_Problem to work on_. Pictures aside, each entry has to be returned exactly as it stands.

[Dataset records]
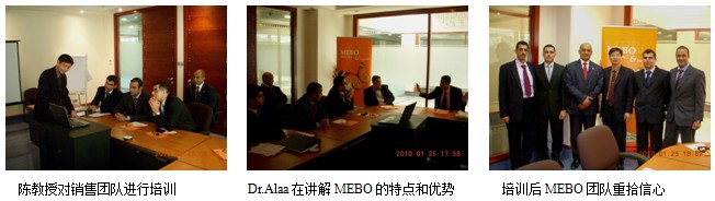 2、2010年1月25日中午,陳教授來(lái)到Julphar 的Jaddah辦公室,對(duì)MEBO團(tuán)隊(duì)進(jìn)行了再生醫(yī)學(xué)與產(chǎn)品知識(shí)的培訓(xùn),分析、討論并講解了MEBO燒傷膏的產(chǎn)品特點(diǎn)、技術(shù)含量,比較了MEBO其它同類競(jìng)爭(zhēng)產(chǎn)品和仿冒產(chǎn)品的不同及MEBO的優(yōu)勢(shì),大家聽(tīng)后立即茅塞頓開(kāi)。
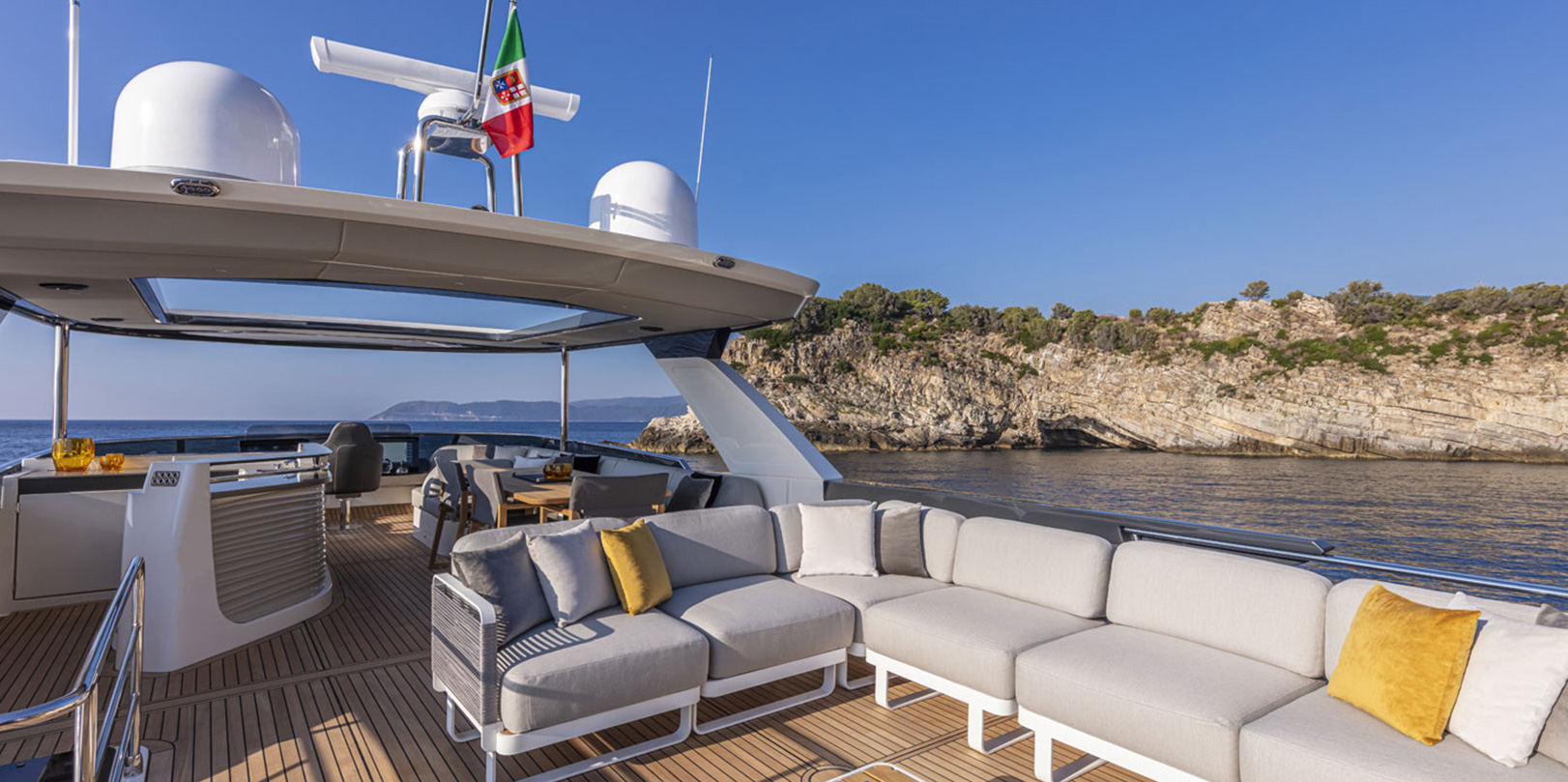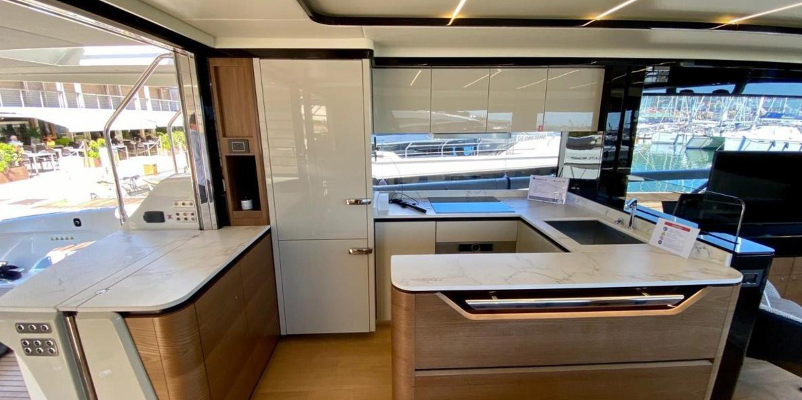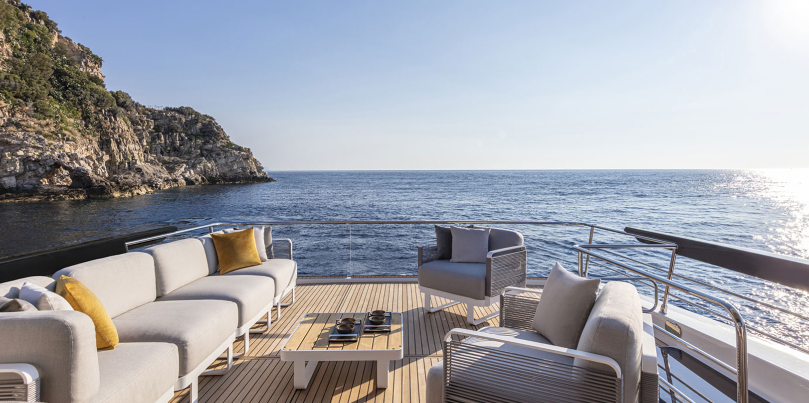 Aboard the Navetta 64, all the spaces are designed to offer the maximum enjoyment of the rooms—always panoramic and bright, thanks to unprecedented-size windows. In addition, the spaces are furnished and refined with everything you need to feel just like at home, without giving up on anything.
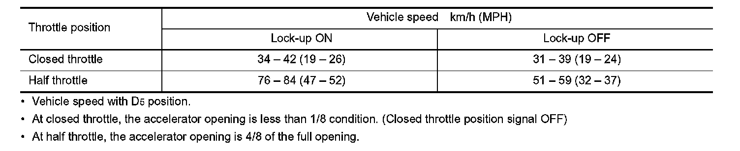 Vehicle Speed at Which Lock-up Occurs/Releases
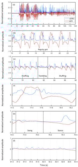 (a) An example of the sEMG (blue) and gyro (red) traces recorded on the TA; (b) zoom of the trace in a regular gait interval; (c) zoom of the trace in the FOG interval; (d) zoom of a single regular step; (e) zoom of a single shuffled step; and (f) zoom of step attempts during trembling FOG.
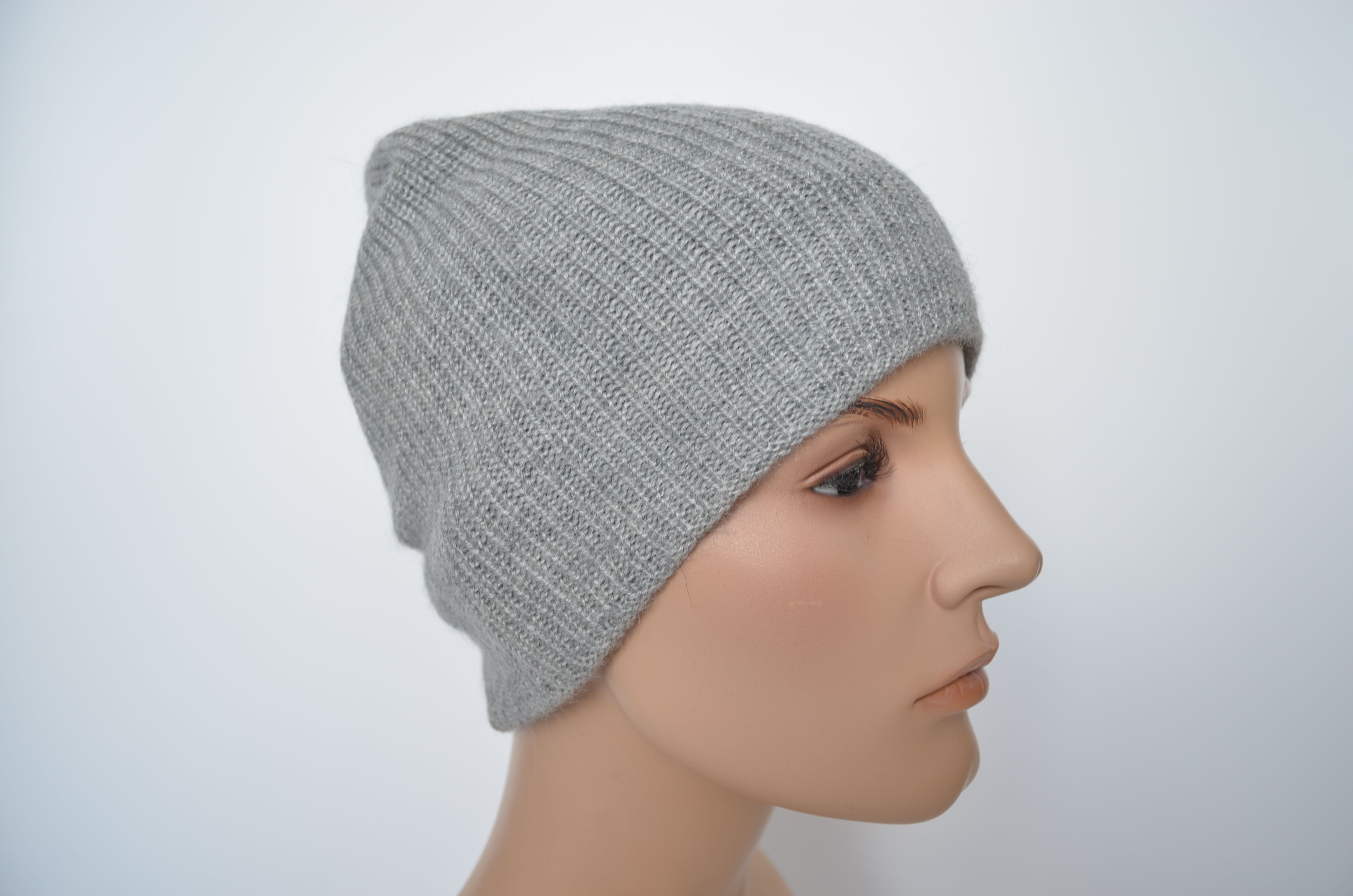 Вязаная двойная женская вязаная зимняя шапка светло серая из альпака и шелка
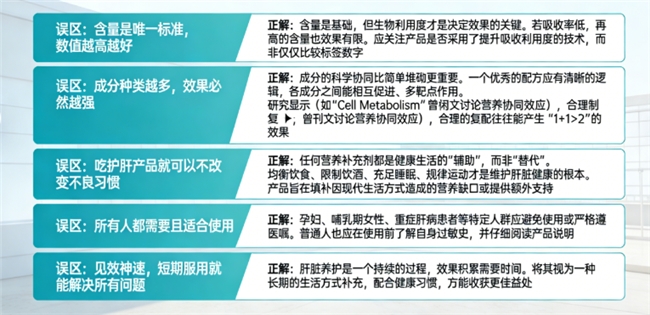正解: 任何营养补充剂都是健康生活的“辅助”,而非“替代”。均衡饮食、限制饮酒、充足睡眠、规律运动才是维护肝脏健康的根本。产品旨在填补因现代生活方式造成的营养缺口或提供额外支持。
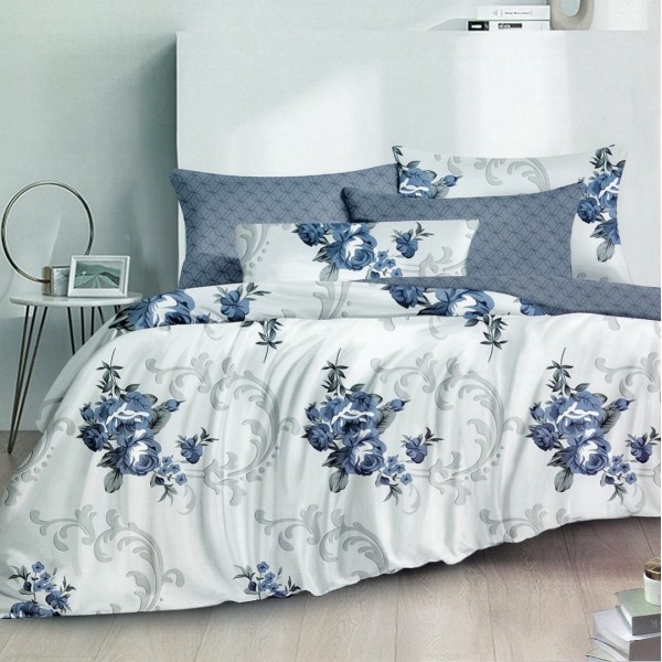 Lenjerie pat dublu, FINET, 6 piese, Albastru, flori, Johny Home Pucioasa, cod produs: DKF65
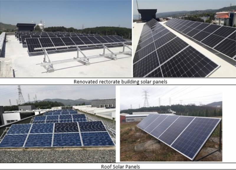 Yenilenen Rektörlük binasına kurulan güneş panelleri gelecek yıldan itibaren enerji üretimine başlayacaktır.
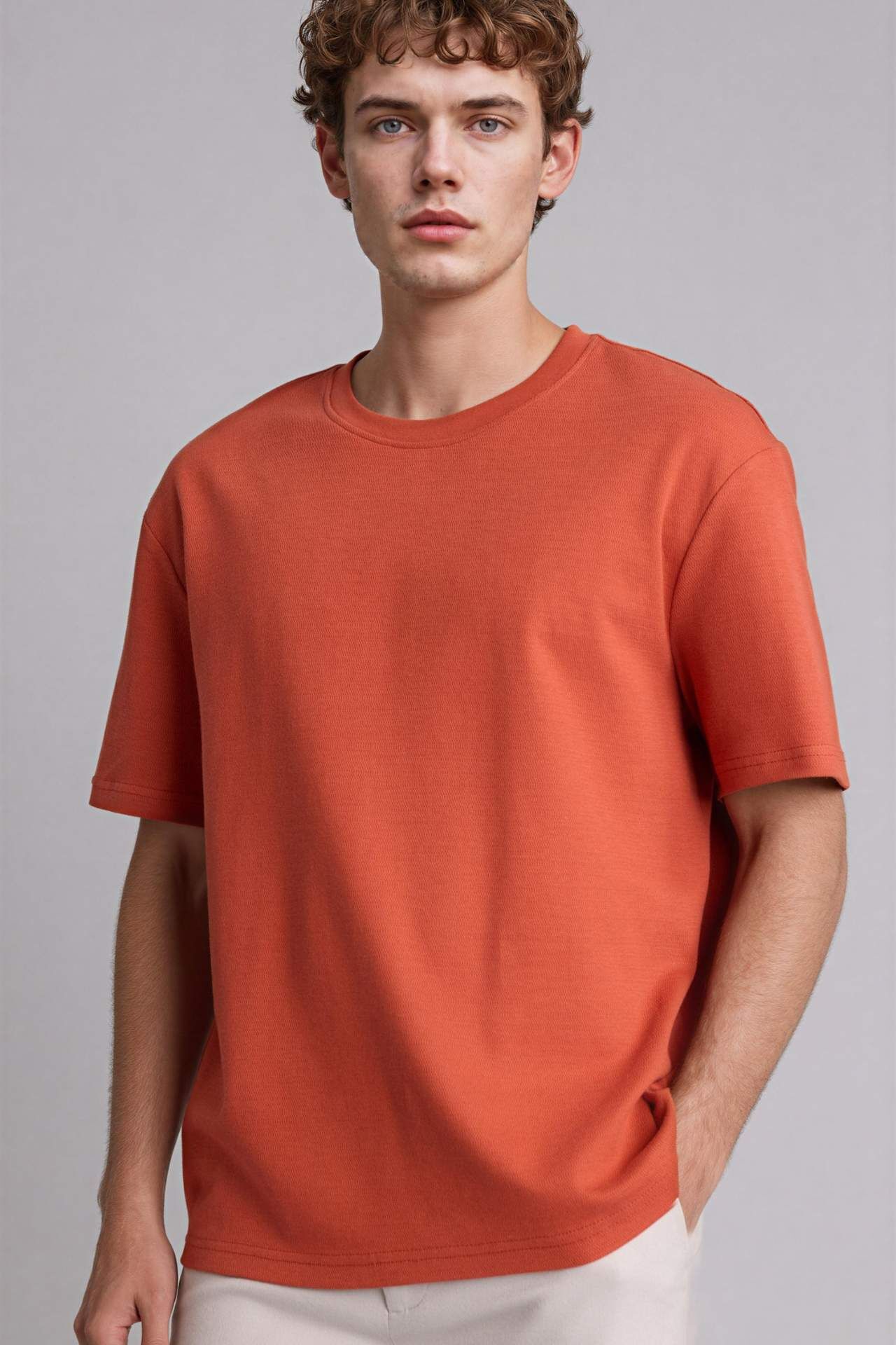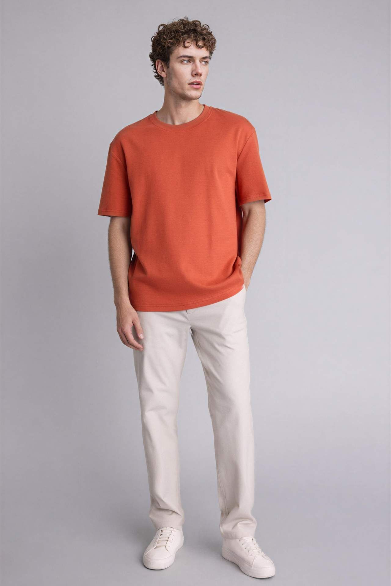 Modern ve dengeli bir silüet sunan Regular Fit kesimiyle zamansız şıklığı konforla birleştirir. Gardırobun en temel parçası olan bu kısa kollu model, vücut hatlarını kısıtlamayan ideal kalıbı ve nefes alabilen dokusuyla hem tek başına hem de ceket veya hırka içinde çok yönlü bir kullanım sunar. Pamuk 100% Manken Bedeni: Göğüs: 100 Boy: 1,9 Basen: 101 Bel: 84
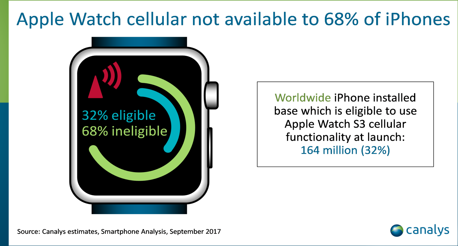 目前,全球共有5.17亿部iPhone在使用中,其中只有1.64亿符合Apple Watch 3的新功能所需条件。
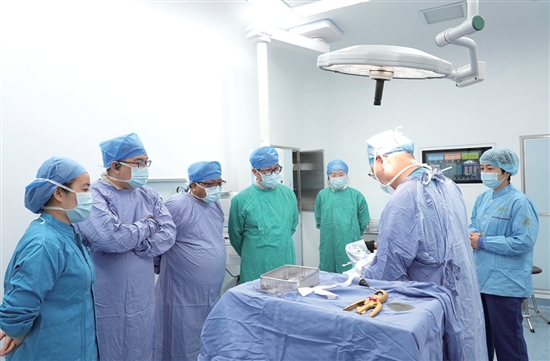 此次交流中,市一院泌尿外科主任陈柏君主任医师、叶海波副主任医师“操刀”示范。手术过程中,医生们一边操作,一边细致地进行讲解,从吻合器的选择、定位技巧,到术中注意事项、术后护理要点,毫无保留地分享临床经验。
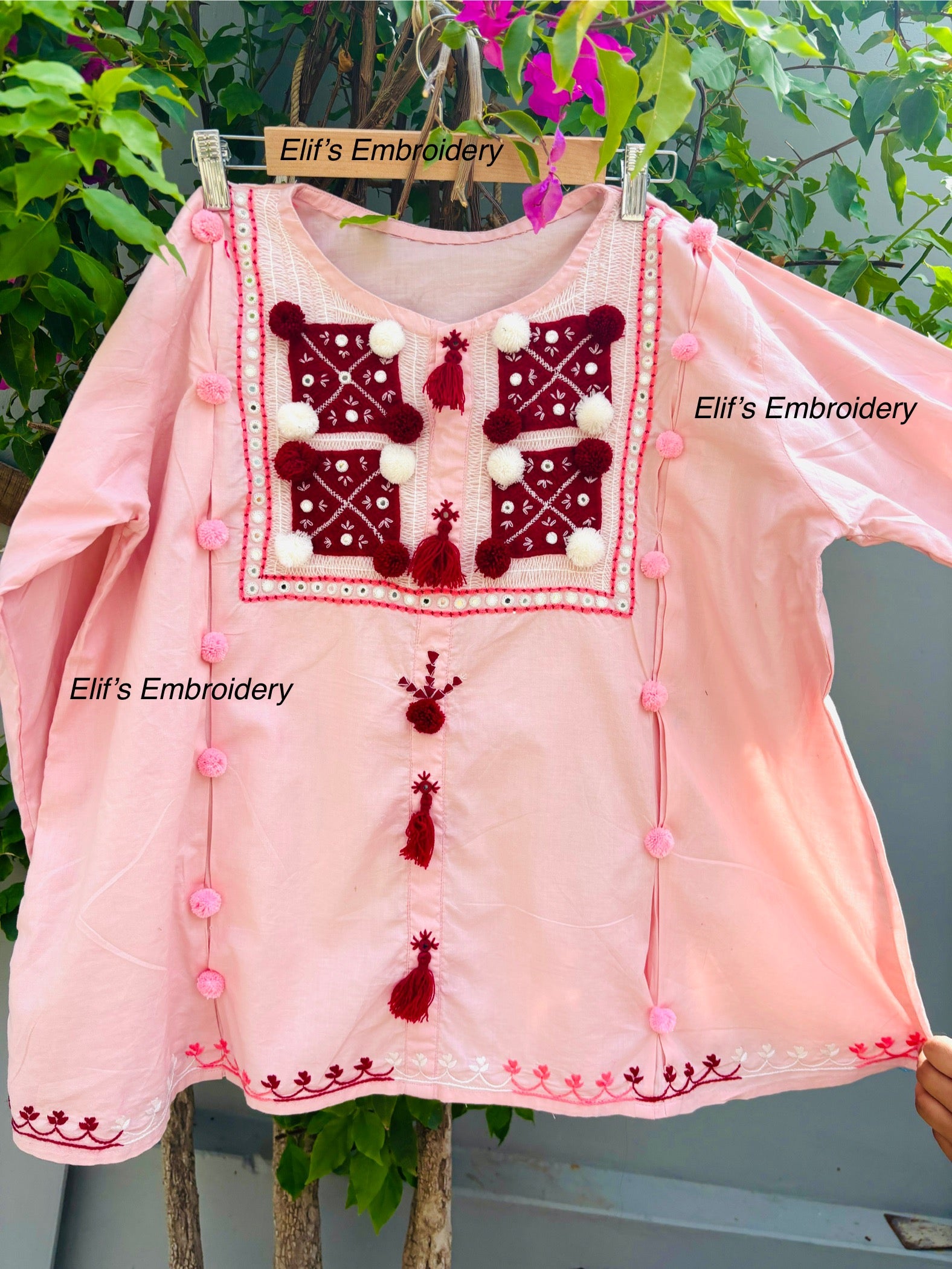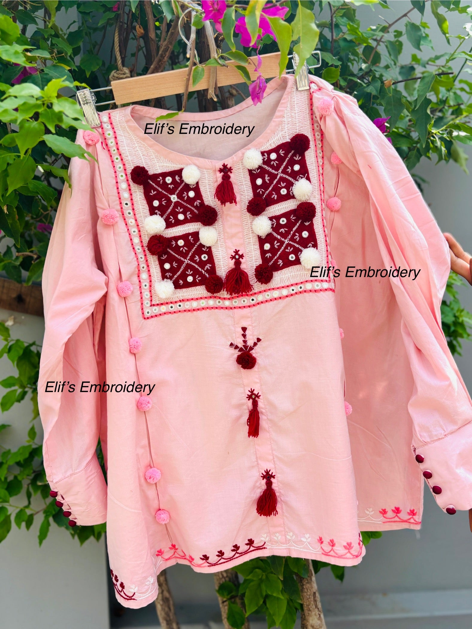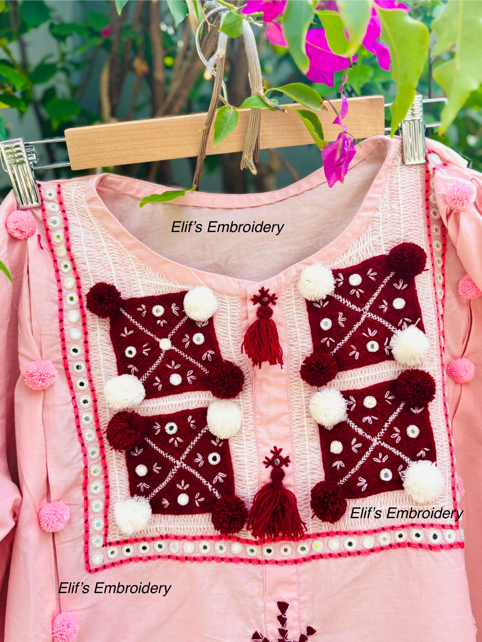 This exquisite pink hand-embroidered suit features intricate craftsmanship that highlights traditional artistry with a contemporary touch. The delicate embroidery enhances the fabric’s elegance, making it perfect for formal occasions or festive gatherings. Designed with attention to detail, this 2-piece ensemble offers both comfort and style, reflecting expert tailoring and timeless beauty.

_Reply to the task_.
 2、2010年1月25日中午,陳教授來(lái)到Julphar 的Jaddah辦公室,對(duì)MEBO團(tuán)隊(duì)進(jìn)行了再生醫(yī)學(xué)與產(chǎn)品知識(shí)的培訓(xùn),分析、討論并講解了MEBO燒傷膏的產(chǎn)品特點(diǎn)、技術(shù)含量,比較了MEBO其它同類競(jìng)爭(zhēng)產(chǎn)品和仿冒產(chǎn)品的不同及MEBO的優(yōu)勢(shì),大家聽(tīng)后立即茅塞頓開(kāi)。
 Aboard the Navetta 64, all the spaces are designed to offer the maximum enjoyment of the rooms—always panoramic and bright, thanks to unprecedented-size windows. In addition, the spaces are furnished and refined with everything you need to feel just like at home, without giving up on anything.
 Vehicle Speed at Which Lock-up Occurs/Releases
 (a) An example of the sEMG (blue) and gyro (red) traces recorded on the TA; (b) zoom of the trace in a regular gait interval; (c) zoom of the trace in the FOG interval; (d) zoom of a single regular step; (e) zoom of a single shuffled step; and (f) zoom of step attempts during trembling FOG.
 Вязаная двойная женская вязаная зимняя шапка светло серая из альпака и шелка
正解: 任何营养补充剂都是健康生活的“辅助”,而非“替代”。均衡饮食、限制饮酒、充足睡眠、规律运动才是维护肝脏健康的根本。产品旨在填补因现代生活方式造成的营养缺口或提供额外支持。
 Lenjerie pat dublu, FINET, 6 piese, Albastru, flori, Johny Home Pucioasa, cod produs: DKF65
 Yenilenen Rektörlük binasına kurulan güneş panelleri gelecek yıldan itibaren enerji üretimine başlayacaktır.
 Modern ve dengeli bir silüet sunan Regular Fit kesimiyle zamansız şıklığı konforla birleştirir. Gardırobun en temel parçası olan bu kısa kollu model, vücut hatlarını kısıtlamayan ideal kalıbı ve nefes alabilen dokusuyla hem tek başına hem de ceket veya hırka içinde çok yönlü bir kullanım sunar. Pamuk 100% Manken Bedeni: Göğüs: 100 Boy: 1,9 Basen: 101 Bel: 84
 目前,全球共有5.17亿部iPhone在使用中,其中只有1.64亿符合Apple Watch 3的新功能所需条件。
 此次交流中,市一院泌尿外科主任陈柏君主任医师、叶海波副主任医师“操刀”示范。手术过程中,医生们一边操作,一边细致地进行讲解,从吻合器的选择、定位技巧,到术中注意事项、术后护理要点,毫无保留地分享临床经验。
 This exquisite pink hand-embroidered suit features intricate craftsmanship that highlights traditional artistry with a contemporary touch. The delicate embroidery enhances the fabric’s elegance, making it perfect for formal occasions or festive gatherings. Designed with attention to detail, this 2-piece ensemble offers both comfort and style, reflecting expert tailoring and timeless beauty.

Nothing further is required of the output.